Talk title:
Toward Factuality in Information Access: Multimodal Factual Knowledge Acquisition
时间:10月20号下午1:30(北京时间)
Join Zoom Meeting
https://nus-sg.zoom.us/j/5052386212?pwd=ZHdpTDJwS1FRMjJLSHFJMFFmR0x6UT09
Meeting ID: 505 238 6212
Passcode: 675758
Abstract:
Recent years witness great success in multimodal foundation models. However, although such models achieve decent scores on various benchmarks, we see that these models understand images as bags of words. In detail, they use object understanding as a shortcut but lacks ability to capture abstract semantics such as verbs. To learn physical world knowledge, we first categorize it according to its temporal dynamics (static -> dynamic) and by its horizon (short/fast thinking -> long/slow thinking).
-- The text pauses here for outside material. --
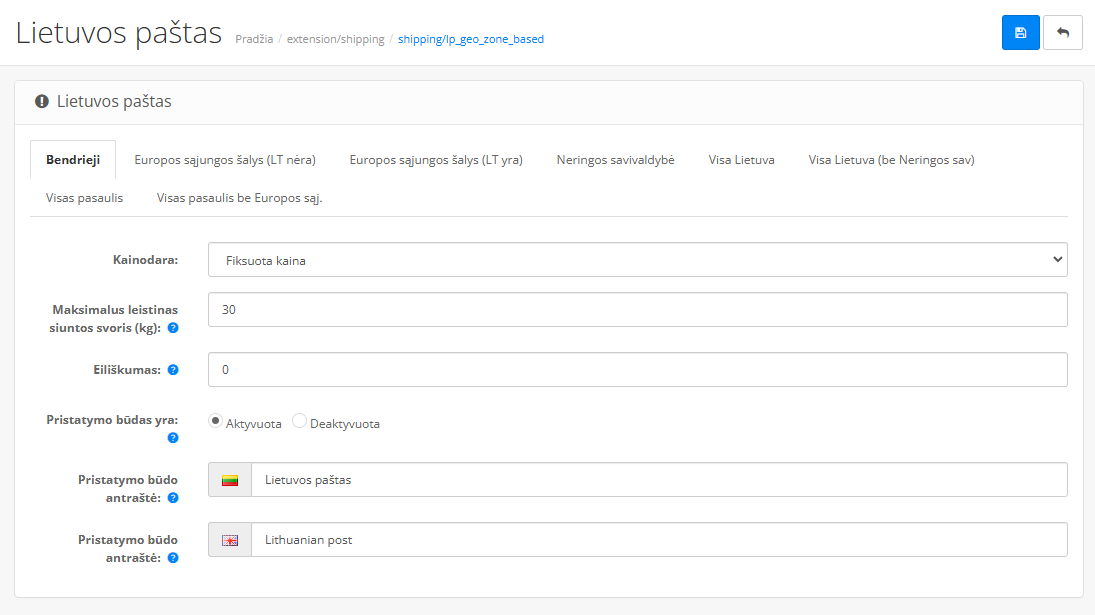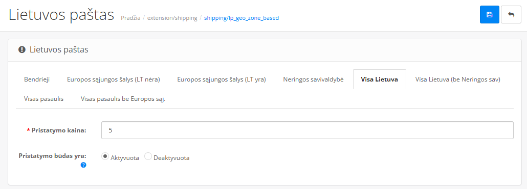 Pasirinkus fiksuotą kainą kiekvienai geografinei zonai tiesiog įveskite norimą šio pristatymo kainą klientams – jei esate PVM mokėtojai, kainą nurodykyte be PVM. Nepamirškite aktyvuoti pristatymo šiai zonai.

My research aims to bring this deep factual knowledge view to the multimodal world. Such a transformation poses significant challenges: (1) understanding multimodal semantic structures that are abstract (such as events and semantic roles of objects): I will present our solution of zero-shot cross-modal transfer, an effective way to inject event-level knowledge into vision-language foundation models; (2) understanding long-horizon temporal dynamics: I will introduce typical ways to handle long-horizon reasoning, which empower machines to capture complex temporal patterns. (3) After that, we will also briefly analyze the reason of hallucinations and the potential way to ensure factuality via knowledge-driven methods, with example applications like meeting summarization, timeline generation, and question answering. I will then lay out how I plan to promote factuality and truthfulness in multimodal information access, through a structured knowledge view that is easily explainable, highly compositional, and capable of long-horizon reasoning.